- _Exercise data_
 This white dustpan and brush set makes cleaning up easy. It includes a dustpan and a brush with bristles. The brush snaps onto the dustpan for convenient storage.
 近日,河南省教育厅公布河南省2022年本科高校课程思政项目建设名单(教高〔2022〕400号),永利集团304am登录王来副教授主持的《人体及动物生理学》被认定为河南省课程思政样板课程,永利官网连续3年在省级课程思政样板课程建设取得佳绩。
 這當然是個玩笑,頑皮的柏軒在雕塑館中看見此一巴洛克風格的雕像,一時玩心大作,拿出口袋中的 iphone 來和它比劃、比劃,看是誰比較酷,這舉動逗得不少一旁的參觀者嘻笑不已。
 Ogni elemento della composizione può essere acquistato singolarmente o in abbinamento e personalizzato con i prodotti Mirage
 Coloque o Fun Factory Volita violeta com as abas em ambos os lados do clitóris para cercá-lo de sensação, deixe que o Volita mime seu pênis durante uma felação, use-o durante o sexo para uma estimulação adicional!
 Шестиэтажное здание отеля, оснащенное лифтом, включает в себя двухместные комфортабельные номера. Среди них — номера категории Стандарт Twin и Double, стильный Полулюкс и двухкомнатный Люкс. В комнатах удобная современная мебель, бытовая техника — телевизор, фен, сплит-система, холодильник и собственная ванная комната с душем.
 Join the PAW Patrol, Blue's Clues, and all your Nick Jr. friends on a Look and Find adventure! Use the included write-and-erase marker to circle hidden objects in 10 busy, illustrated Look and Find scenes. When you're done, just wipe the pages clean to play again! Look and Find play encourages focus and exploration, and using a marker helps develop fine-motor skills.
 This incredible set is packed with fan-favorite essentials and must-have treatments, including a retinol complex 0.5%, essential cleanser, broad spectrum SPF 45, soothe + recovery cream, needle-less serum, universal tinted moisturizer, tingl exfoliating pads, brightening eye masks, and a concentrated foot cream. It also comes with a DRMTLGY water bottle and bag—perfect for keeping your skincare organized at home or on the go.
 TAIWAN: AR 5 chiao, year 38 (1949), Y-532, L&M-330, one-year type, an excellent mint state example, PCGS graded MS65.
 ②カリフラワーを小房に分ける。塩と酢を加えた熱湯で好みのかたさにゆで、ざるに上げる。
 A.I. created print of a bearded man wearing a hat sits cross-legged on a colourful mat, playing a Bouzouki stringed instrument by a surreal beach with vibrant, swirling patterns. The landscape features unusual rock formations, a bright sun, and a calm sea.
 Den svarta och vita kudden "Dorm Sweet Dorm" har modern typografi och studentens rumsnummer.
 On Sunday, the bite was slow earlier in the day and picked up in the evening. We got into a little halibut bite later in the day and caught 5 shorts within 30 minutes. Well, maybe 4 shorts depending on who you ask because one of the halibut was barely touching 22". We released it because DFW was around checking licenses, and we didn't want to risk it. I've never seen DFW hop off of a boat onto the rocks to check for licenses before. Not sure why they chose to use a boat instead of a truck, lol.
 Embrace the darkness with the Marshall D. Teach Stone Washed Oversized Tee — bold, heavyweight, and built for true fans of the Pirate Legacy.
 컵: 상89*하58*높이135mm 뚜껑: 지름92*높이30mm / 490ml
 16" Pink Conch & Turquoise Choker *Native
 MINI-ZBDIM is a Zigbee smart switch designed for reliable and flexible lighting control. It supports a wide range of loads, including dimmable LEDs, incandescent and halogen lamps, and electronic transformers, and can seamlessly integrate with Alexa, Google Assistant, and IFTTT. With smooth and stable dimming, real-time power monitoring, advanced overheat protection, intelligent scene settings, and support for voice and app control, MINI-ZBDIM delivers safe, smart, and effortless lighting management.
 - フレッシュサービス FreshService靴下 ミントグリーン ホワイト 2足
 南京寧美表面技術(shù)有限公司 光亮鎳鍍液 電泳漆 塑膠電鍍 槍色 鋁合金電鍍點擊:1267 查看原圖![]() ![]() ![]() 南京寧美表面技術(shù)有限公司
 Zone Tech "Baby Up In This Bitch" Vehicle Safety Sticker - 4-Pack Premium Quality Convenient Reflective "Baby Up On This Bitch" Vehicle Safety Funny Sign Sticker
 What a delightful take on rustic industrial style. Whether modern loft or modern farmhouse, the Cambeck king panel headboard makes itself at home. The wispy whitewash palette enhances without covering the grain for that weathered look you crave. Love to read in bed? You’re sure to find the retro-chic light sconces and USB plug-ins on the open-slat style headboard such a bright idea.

- _Task requirements_
Gather all lines with the string "sure" from the data.

- _Answer area_
 On Sunday, the bite was slow earlier in the day and picked up in the evening. We got into a little halibut bite later in the day and caught 5 shorts within 30 minutes. Well, maybe 4 shorts depending on who you ask because one of the halibut was barely touching 22". We released it because DFW was around checking licenses, and we didn't want to risk it. I've never seen DFW hop off of a boat onto the rocks to check for licenses before. Not sure why they chose to use a boat instead of a truck, lol.
 What a delightful take on rustic industrial style. Whether modern loft or modern farmhouse, the Cambeck king panel headboard makes itself at home. The wispy whitewash palette enhances without covering the grain for that weathered look you crave. Love to read in bed? You’re sure to find the retro-chic light sconces and USB plug-ins on the open-slat style headboard such a bright idea.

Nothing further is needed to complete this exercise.